Beginning at the line that holds "추운 겨울철을 보내고" and continuing to the last line of the data below, transcribe every line word for word, without pictures.

------

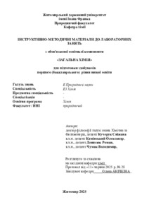 Інструктивно-методичні матеріали до лабораторних занять із обов’язкової освітньої компоненти «Загальна хімія»: навчально-методичний посібник для підготовки здобувачів першого (бакалаврського) рівня вищої освіти.
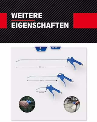 3-delige set elk een blaaspistool met buislengte 11 cm, 30 cm en 50 cm uitblaasbuis van metaal kunststof handgreep met ophangfunctie 1/4„PT Aansluitschroefdraad max. werkdruk 6,3 bar...
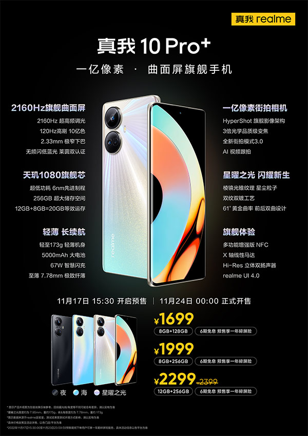 realme 10 Pro Series มีตัวเลือก 3 สีเหมือนกัน ได้แก่ สีดำ, สีฟ้า และสีทองไล่เฉด โดยจะเริ่มวางจำหน่ายในประเทศจีนวันที่ 24 พฤศจิกายนนี้เป็นต้นไป
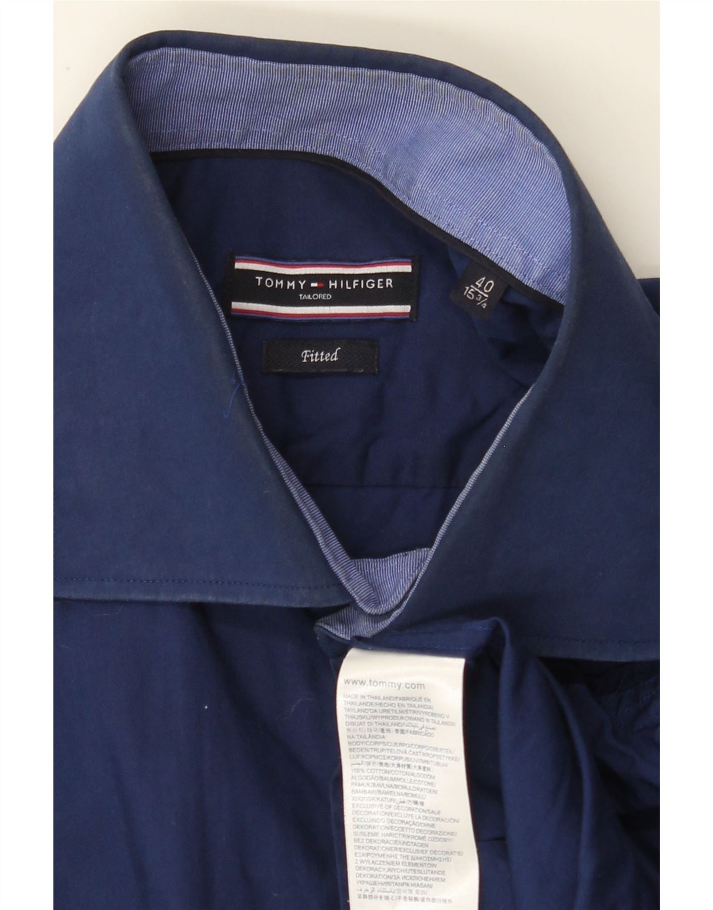 TOMMY HILFIGER Camicia aderente da uomo taglia 40 15 3/4 cotone blu navy medio
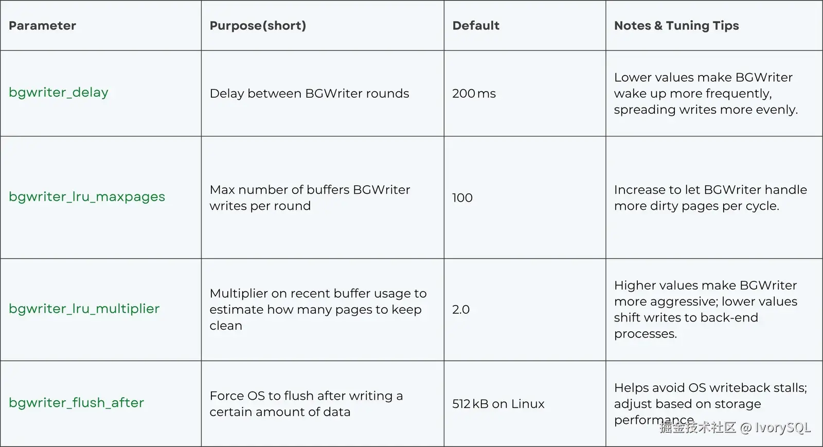 BGWriter 的主要配置参数(位于 postgresql.conf)包括:
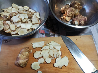 추운 겨울철을 보내고 캐낸 돼지감자라야 좋습니다. 돼지감자의 약효는 추운 겨울을 보내고 나서 얇게 썰어 생으로 먹는 것이 최고입니다.
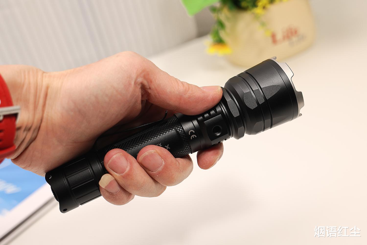 在材质与工艺上,这款手电更是做到了专业级水准。机身采用高品质铝合金打造,兼具高强度、低密度与快速散热的特性,面对户外的磕碰、摩擦都能轻松应对。表面做了黑色HAIII级别军规硬质氧化处理,不仅让整体质感更出众,还大幅提升了耐腐蚀、耐磨损能力,就算长期在户外潮湿、多尘的环境中使用,也不用担心机身掉漆、生锈。灯头处配备了3.5mm厚的五幅不锈钢压环,像给灯头加了一层“防护铠甲”,能有效保护内部光学组件,避免因跌落、撞击造成损坏。筒身设计也十分用心,经典的小菱形防滑纹让握持更稳固,就算手上沾了水、泥土,也不会轻易打滑,灯头和灯颈的五条宽大散热鳍,还能快速散发光源工作时产生的热量,保证手电长时间稳定运行。

------

**Answer to the exercise**
 추운 겨울철을 보내고 캐낸 돼지감자라야 좋습니다. 돼지감자의 약효는 추운 겨울을 보내고 나서 얇게 썰어 생으로 먹는 것이 최고입니다.
 在材质与工艺上,这款手电更是做到了专业级水准。机身采用高品质铝合金打造,兼具高强度、低密度与快速散热的特性,面对户外的磕碰、摩擦都能轻松应对。表面做了黑色HAIII级别军规硬质氧化处理,不仅让整体质感更出众,还大幅提升了耐腐蚀、耐磨损能力,就算长期在户外潮湿、多尘的环境中使用,也不用担心机身掉漆、生锈。灯头处配备了3.5mm厚的五幅不锈钢压环,像给灯头加了一层“防护铠甲”,能有效保护内部光学组件,避免因跌落、撞击造成损坏。筒身设计也十分用心,经典的小菱形防滑纹让握持更稳固,就算手上沾了水、泥土,也不会轻易打滑,灯头和灯颈的五条宽大散热鳍,还能快速散发光源工作时产生的热量,保证手电长时间稳定运行。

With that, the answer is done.